Transcribed & marked up by Einde O’Callaghan for ETOL.
Last week’s column covered the fact that blind capitalist anarchy controls both the level of prices and the amount of production of commodities under capitalism.
It was pointed out that capitalist anarchy keeps the system swinging between two evils, surplus and scarcity. When there is too much of some commodity for the capitalist market, then the price of it goes down, factories close, workers lose their jobs. After production has gone down enough to suit the blind system it gives notice by a scarcity. Then prices go up and some people have to go without the goods. At the same time rising prices bring an increase in production.
So the amount of production of any type of goods is controlled by the price. When the price goes low, production in that line goes down, when the price goes up, the result is an increase in the amount of production.
This raises another question. Production goes up or down when prices go above or below what point? We assume that a high price is above the normal price, and a low price is below normal. But what sets the normal price?

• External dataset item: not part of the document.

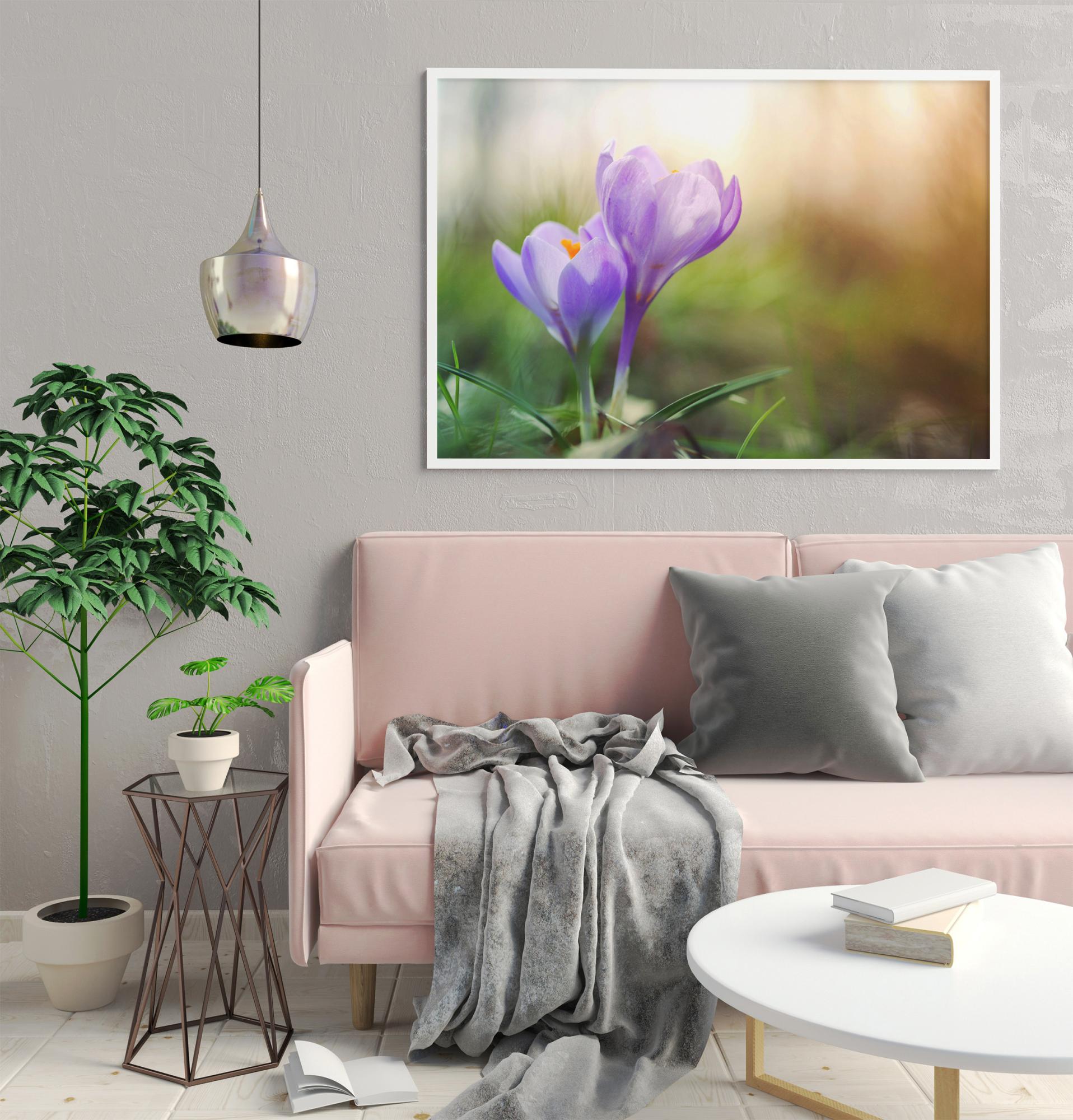 Võluv pilt kevade ehk kõige värvikamast päikesesõbrast, krookusest. Täiendvärvis udune taust tõstab lilledele esile ja annab fotole harmoonia. Sobib neile, kes soovivad koju värvirõõmu, ja alati on kena kasutada pildi tooni aksentvärvina ülejäänud sisekujunduses. Kombineerige meelsasti teiste taimemotiividega, et luua ruumis terviklik tunne.

The origin of the normal level of prices can be seen best in an illustration from simple commodity production, in which the makers sell the commodities which they themselves make.
Suppose a producer on a simple basis makes a coat, and he has to spend one day of work in making it. The coat, then, contains one day’s labor. Or we might say the labor-value of the coat comes to one day of labor time.
Suppose another producer has to spend one day to make a pair of shoes. The labor-value of the shoes also is one day’s labor time. All other things being equal, in normal exchange the coat and the shoes would be of equal worth. That is, one coat would trade for one pair of shoes.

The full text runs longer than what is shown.